John Thompson Stoneman (February 24, 1831 – October 11, 1905) was an American politician.

Born on February 24, 1831, to parents George Stoneman and Catherine Cheney, John Thompson Stoneman was raised in Ellery, New York, and attended Jamestown Academy, as did his eldest brother George Stoneman Jr. At the age of twenty, Stoneman moved to Covington, Kentucky. After one year as a teacher, he enrolled at Williams College, graduating in 1856. During the summers, Stoneman attended Albany Law School to further his legal education, which began by reading law with Covington-based judge R. B. Carpenter. Stoneman passed the bar in January 1855.

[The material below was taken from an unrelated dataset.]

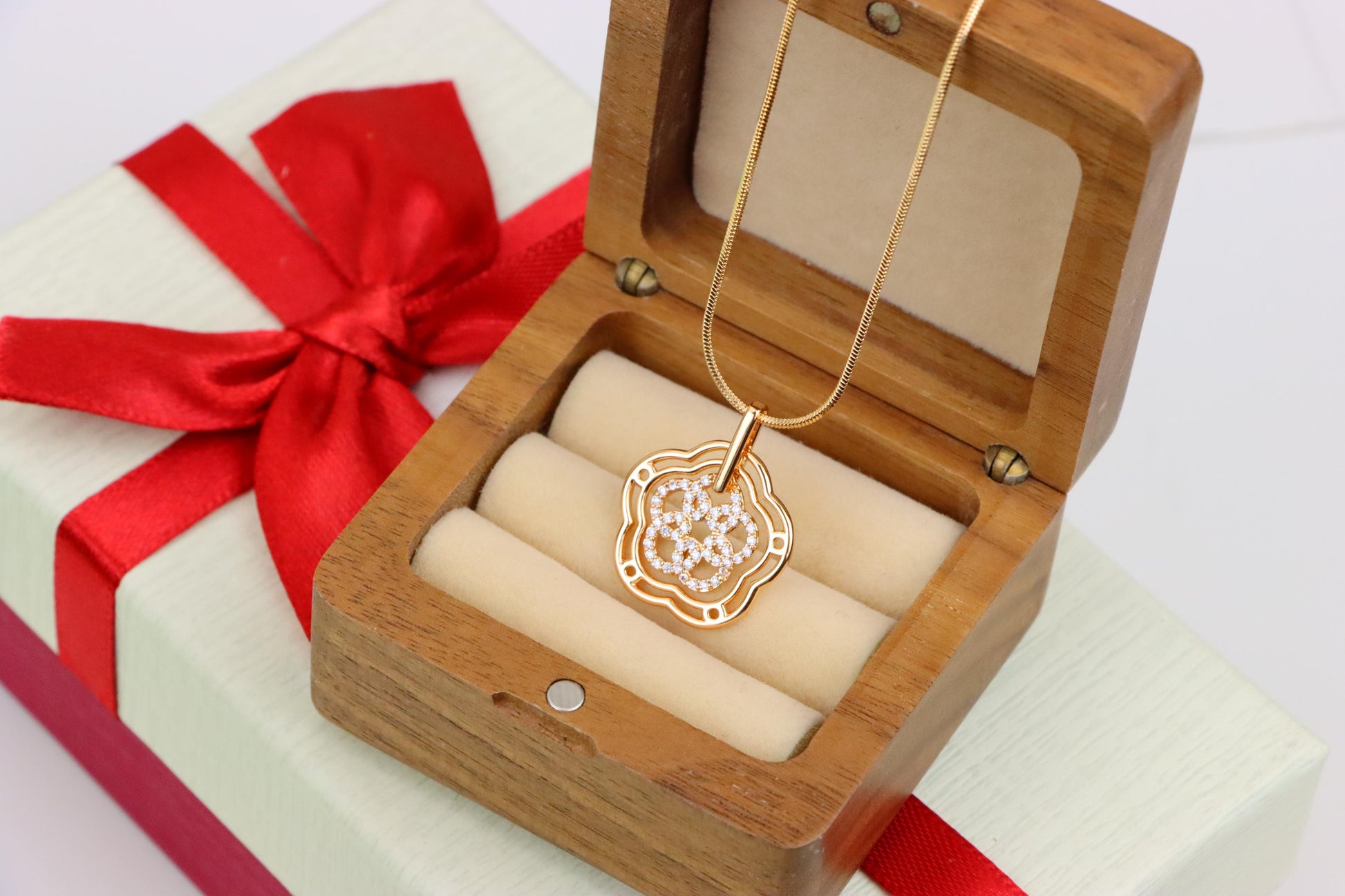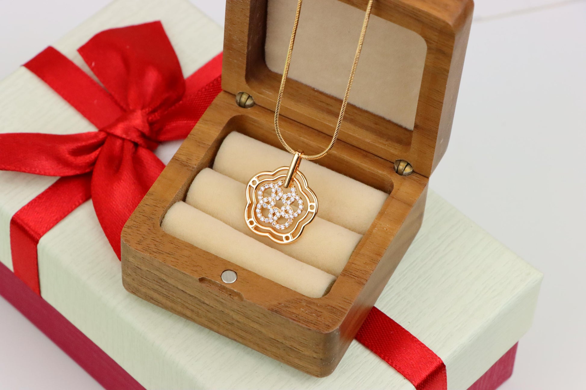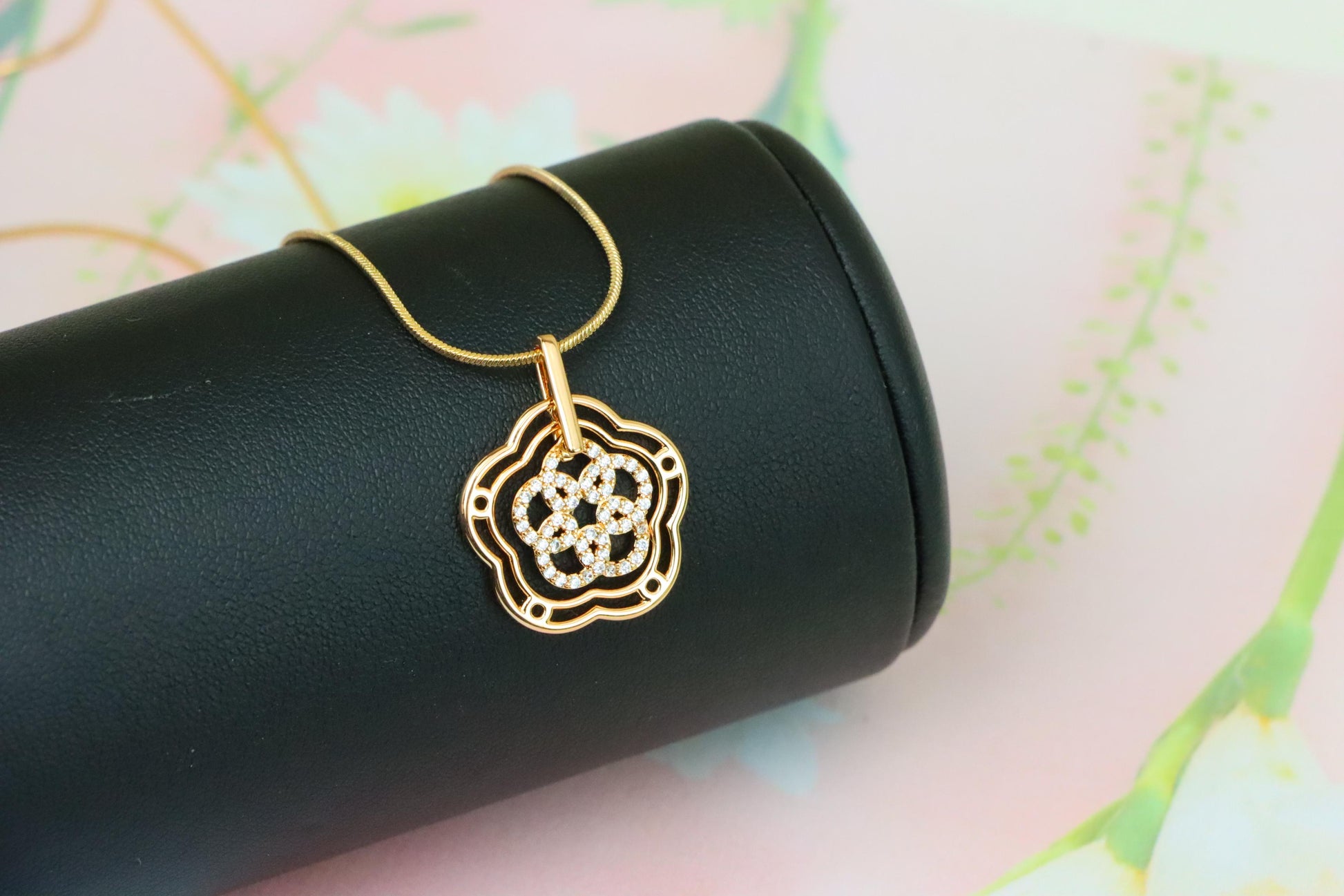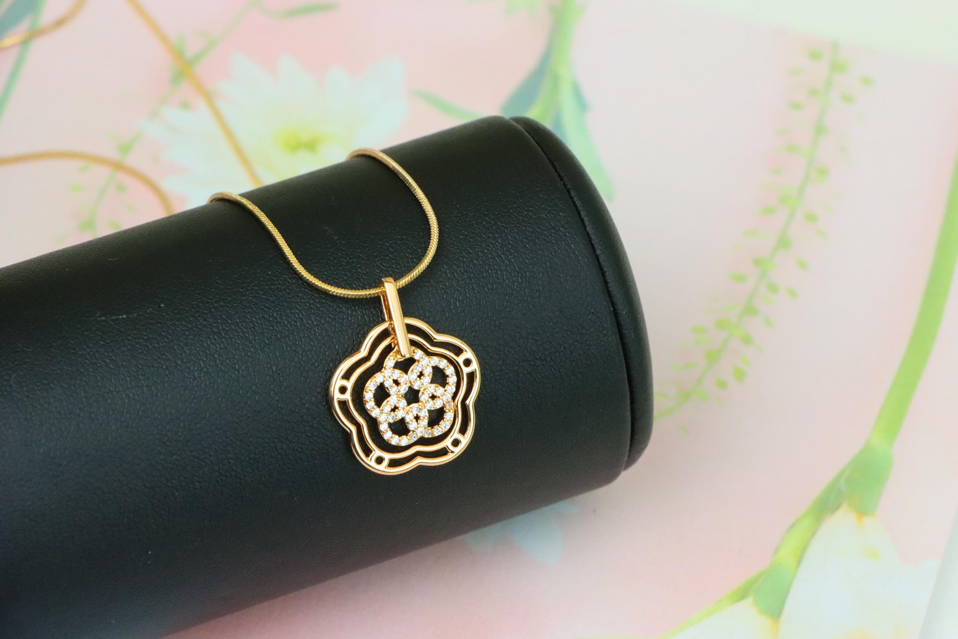 Designed to make a subtle yet elegant statement, this rose gold floral pendant combines symmetry with sparkle. Made with gold-plated high-quality brass and measuring approximately 0.79 x 0.79 inches, it's perfect for both casual and formal wear.

In October 1856, Stoneman settled in McGregor, Iowa, to practice law. He was elected the town's inaugural recorder in 1857. After a period of service on the city council, in 1863, Stoneman was elevated to the mayoralty. He then served on the school board before he was elected to the Iowa Senate in 1875. Stoneman represented Senate District 39 from 1876 to 1878, when he was redistricted to District 40, which he served until 1880.

Stoneman began his political career in the Whig Party. Upon its dissolution, he became affiliated with the Democratic Party. Aside from serving in the Iowa General Assembly, Stoneman ran in the 1866–67 special and 1870–71 United States Senate elections, losing to Samuel J. Kirkwood and James B. Howell, respectively. Stoneman was twice a United States House of Representatives candidate for Iowa's 3rd congressional district, in 1870–71 and 1872–73, losing both times to William G. Donnan.

Stoneman moved from McGregor to Cedar Rapids in 1882, and served two terms on the Superior Court. Stoneman died on October 11, 1905, at the Cedar Rapids home of his son-in-law and former law partner, Asahel Chapin.